Выбрать главу

Итак, Римская империя всегда состояла из двух пересекающихся миров. Вплоть до 700 года н. э. большие приморские города были тесно связаны: двадцать дней безоблачного плавания – и путешественник попадал из одного конца Средиземноморья – центра римского мира – в другой. Вдали от моря жизнь римлян всегда имела тенденцию концентрироваться в маленьких оазисах – подобно каплям воды на подсыхающей поверхности. Римляне знамениты дорогами, соединявшими империю: но эти дороги проходили через города, жители которых добывали все, чем питались, и большую часть того, чем пользовались, в радиусе всего лишь 30 миль от места своего проживания.

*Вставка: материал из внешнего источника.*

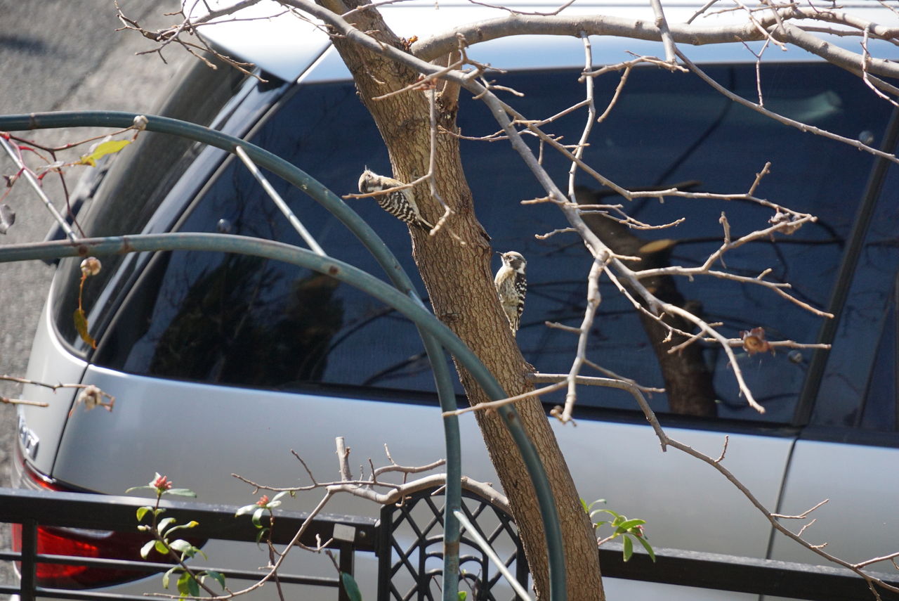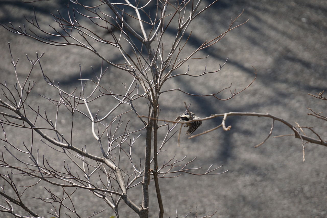 sony a6000 photo by Yukey洞が気になるのか、しきりに覗いています。啄木鳥は木の洞などに巣をつくります。つがいで来ていたので、マイホーム探しをしているのかもしれません。

Именно в глубине страны, по обочинам больших дорог огромные издержки империи были наиболее заметны. В постоянных попытках сохранить единство проявлялись самые неприглядные стороны Римской империи – жестокость и неповоротливость. Солдаты, администраторы, курьеры, их продовольствие должны были постоянно перемещаться из одной провинции в другую. С высоты императорского трона в 200 году римский мир представлялся как запутанная сеть дорог, на которой яркими точками выделялись перевалочные пункты, куда все местные сообщества должны были поставлять для содержания двора и армии в качестве налога с каждым разом все больше еды, одежды, животных и рабочей силы.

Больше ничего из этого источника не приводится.